* **PROBLEM STATEMENT**
Could you repeat the entries below exactly, but only from the line with "وطنية: نشر المعهد" through the line with "Style it with", and without any picture?
**** AVAILABLE RECORDS ****
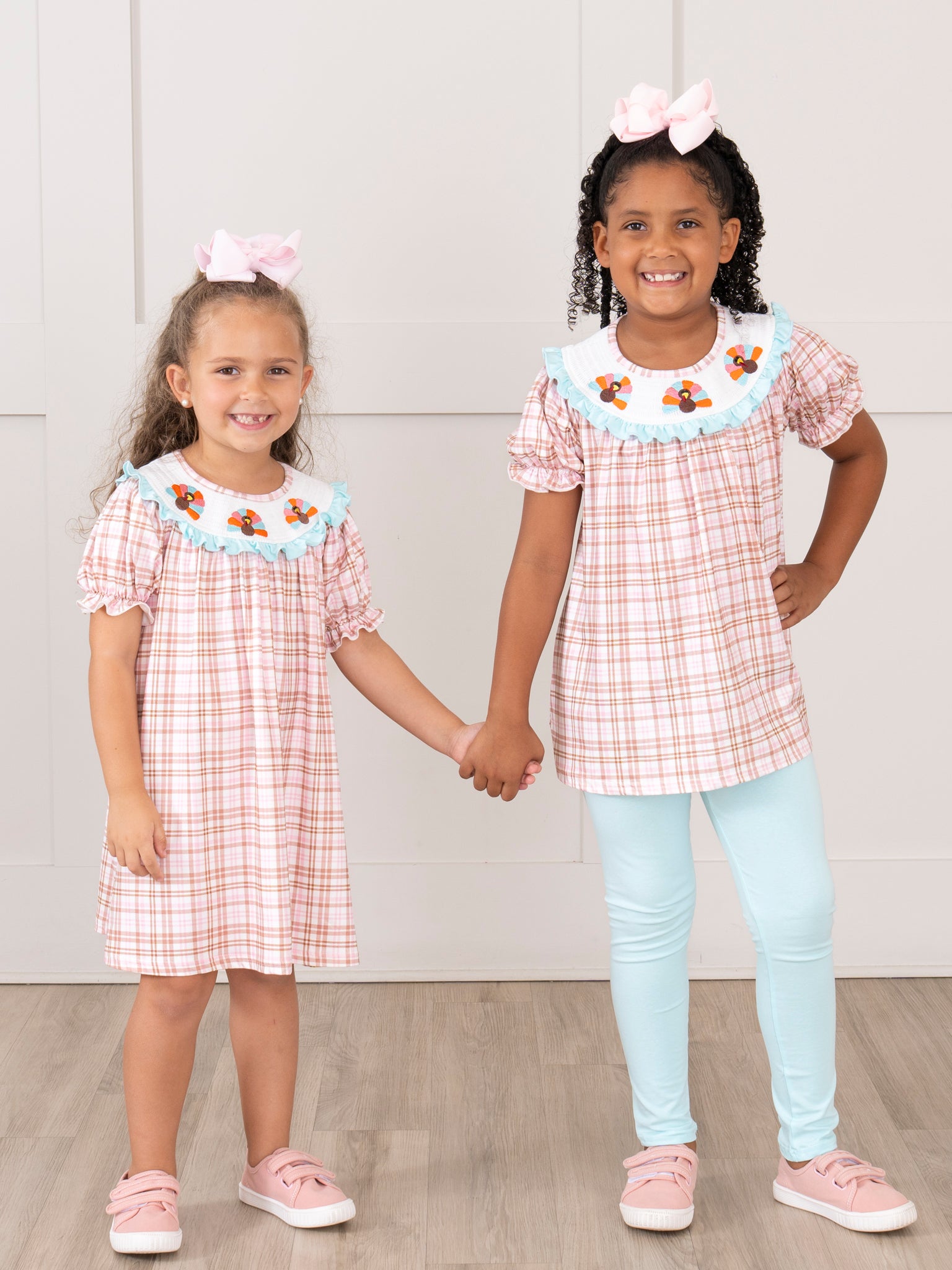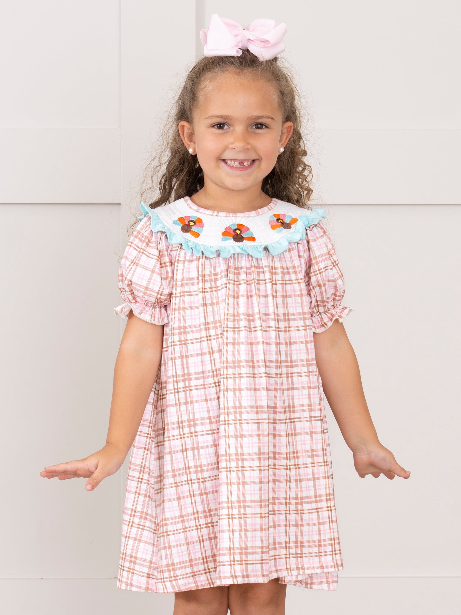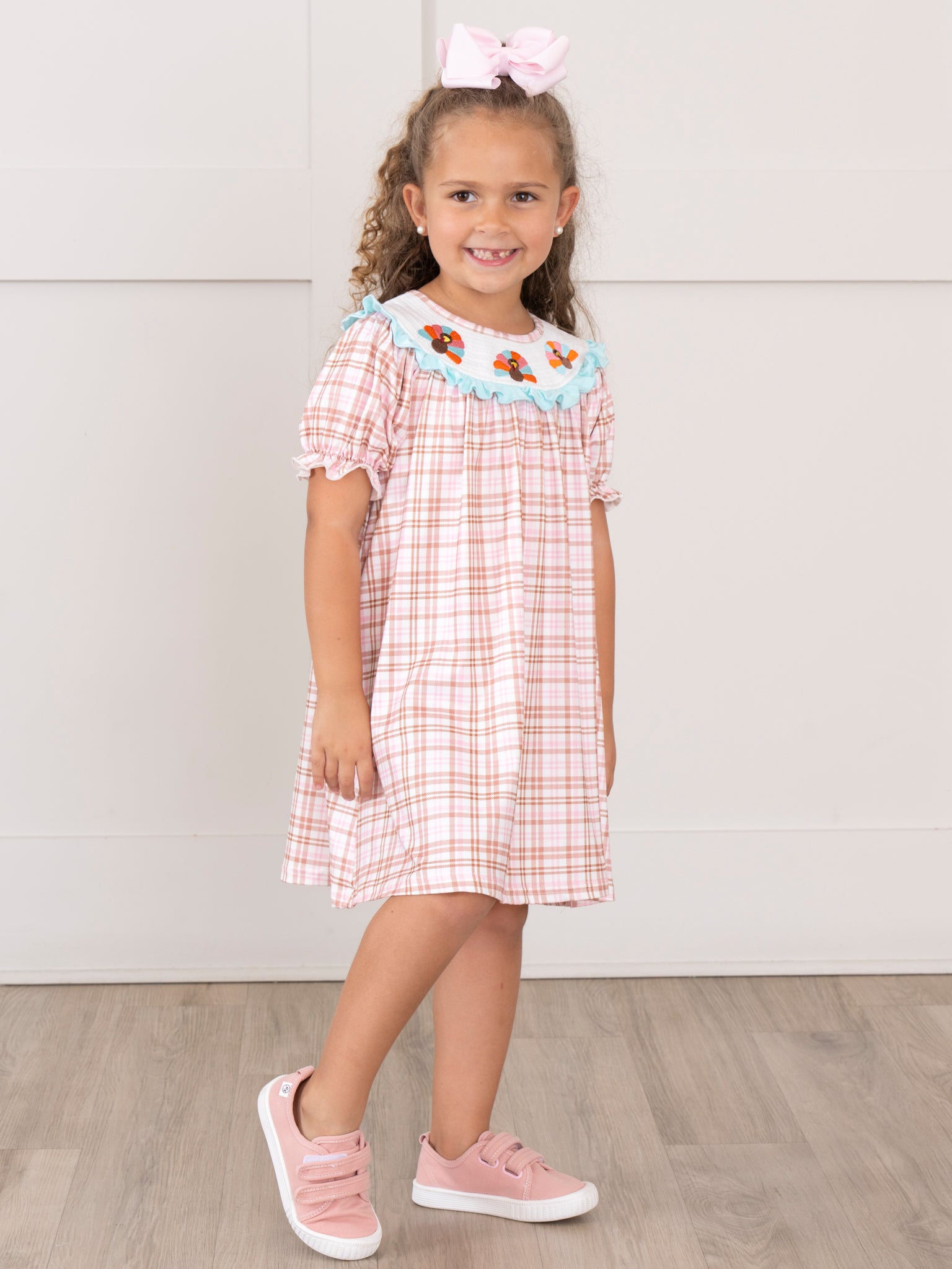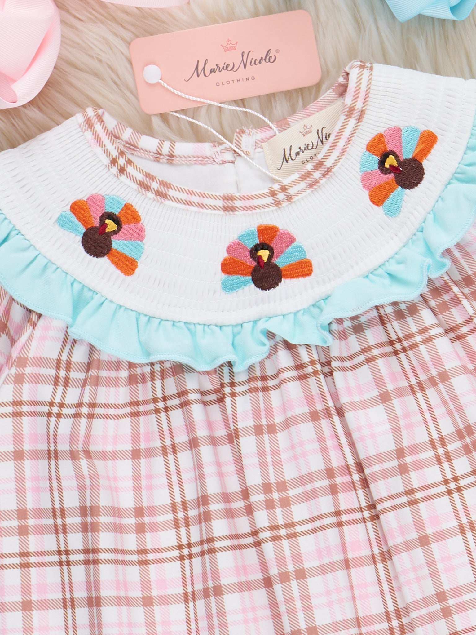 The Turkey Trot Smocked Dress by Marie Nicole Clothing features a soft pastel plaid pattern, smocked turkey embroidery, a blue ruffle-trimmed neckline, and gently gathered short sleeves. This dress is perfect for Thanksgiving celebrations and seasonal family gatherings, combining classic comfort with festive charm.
****
**** AVAILABLE RECORDS ****
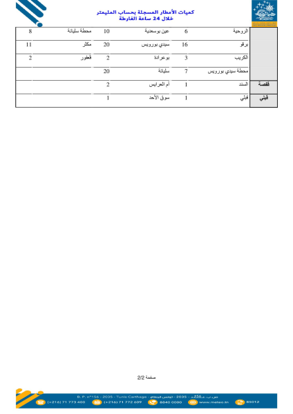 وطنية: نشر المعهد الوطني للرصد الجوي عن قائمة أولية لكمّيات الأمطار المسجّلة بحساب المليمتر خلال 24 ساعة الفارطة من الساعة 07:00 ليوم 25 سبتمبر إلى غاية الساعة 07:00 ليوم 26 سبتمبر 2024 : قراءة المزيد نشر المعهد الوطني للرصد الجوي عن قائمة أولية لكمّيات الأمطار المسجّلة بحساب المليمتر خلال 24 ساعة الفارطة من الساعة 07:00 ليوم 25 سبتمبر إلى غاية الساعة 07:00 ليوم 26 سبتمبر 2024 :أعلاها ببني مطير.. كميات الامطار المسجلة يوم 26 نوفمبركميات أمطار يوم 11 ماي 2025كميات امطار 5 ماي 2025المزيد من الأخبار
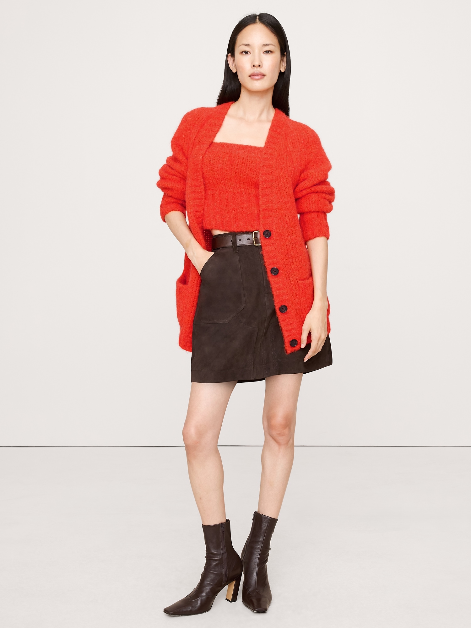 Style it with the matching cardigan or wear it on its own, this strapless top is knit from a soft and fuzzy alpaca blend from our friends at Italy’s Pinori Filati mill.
****
* **ANSWER TO THE PROBLEM**
 وطنية: نشر المعهد الوطني للرصد الجوي عن قائمة أولية لكمّيات الأمطار المسجّلة بحساب المليمتر خلال 24 ساعة الفارطة من الساعة 07:00 ليوم 25 سبتمبر إلى غاية الساعة 07:00 ليوم 26 سبتمبر 2024 : قراءة المزيد نشر المعهد الوطني للرصد الجوي عن قائمة أولية لكمّيات الأمطار المسجّلة بحساب المليمتر خلال 24 ساعة الفارطة من الساعة 07:00 ليوم 25 سبتمبر إلى غاية الساعة 07:00 ليوم 26 سبتمبر 2024 :أعلاها ببني مطير.. كميات الامطار المسجلة يوم 26 نوفمبركميات أمطار يوم 11 ماي 2025كميات امطار 5 ماي 2025المزيد من الأخبار
 Style it with the matching cardigan or wear it on its own, this strapless top is knit from a soft and fuzzy alpaca blend from our friends at Italy’s Pinori Filati mill.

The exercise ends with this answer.